GSK PROBE SLOWS CHINA JUGGERNAUT

 

It is not surprising that Big Pharma sales hit the wall in the third quarter of 2013 in China as widespread compliance probes cooled down marketing activities during the period. Overall, the top 10 Big Pharma in China reported an average 1% sales growth in Q3; in contrast, these companies grew 18% in Q2, 24% in Q3 last year, and 23% for the full year in 2012.

 

GSK, which is in the eye of China’s compliance storm, reported a 61% sales decrease in the country for the quarter. (See “Public Security Ministry Claims Evidence of GSK Bribery in China; Several Execs Arrested” — PharmAsia News, July 11, 2013.) Excluding GSK, average growth of the other nine companies was still only 8% (or 9% if excluding Pfizer Inc.’s transfer of products to its joint venture with Zhejiang Hisun Pharmaceutical Co.
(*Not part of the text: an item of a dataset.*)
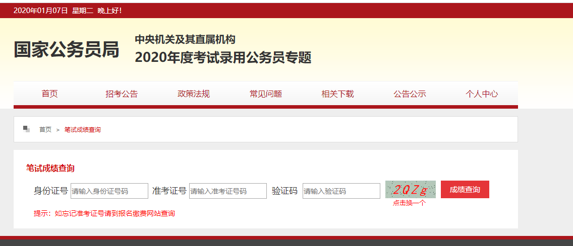 2020年國考成績查詢?nèi)肟?/strong>
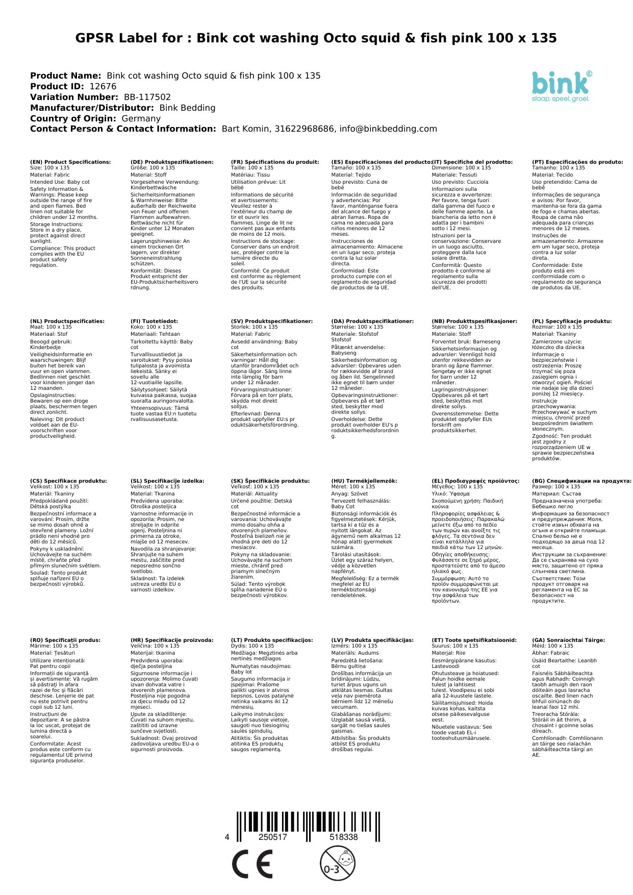 Stellen Sie eine Frage, um mehr über das Produkt zu erfahrenBink Kinderbettwäsche Octo Tintenfisch & Fische rosa rot 100 x 135

Ltd.), poor growth for an emerging powerhouse like China.

 

Most companies’ revenue growth was down 6% to 10% compared with Q2 numbers. Roche dropped 18% from the previous quarter but still kept a relatively high year-on-year growth of 16%. Merck was the largest victim after GSK with a 21% drop from the previous quarter and a year-on-year sales decrease of 8%. (See “Behind the Ugly Numbers from the Compliance Crisis Fallout: China Big Pharma Roundup” — PharmAsia News, November 7, 2013.)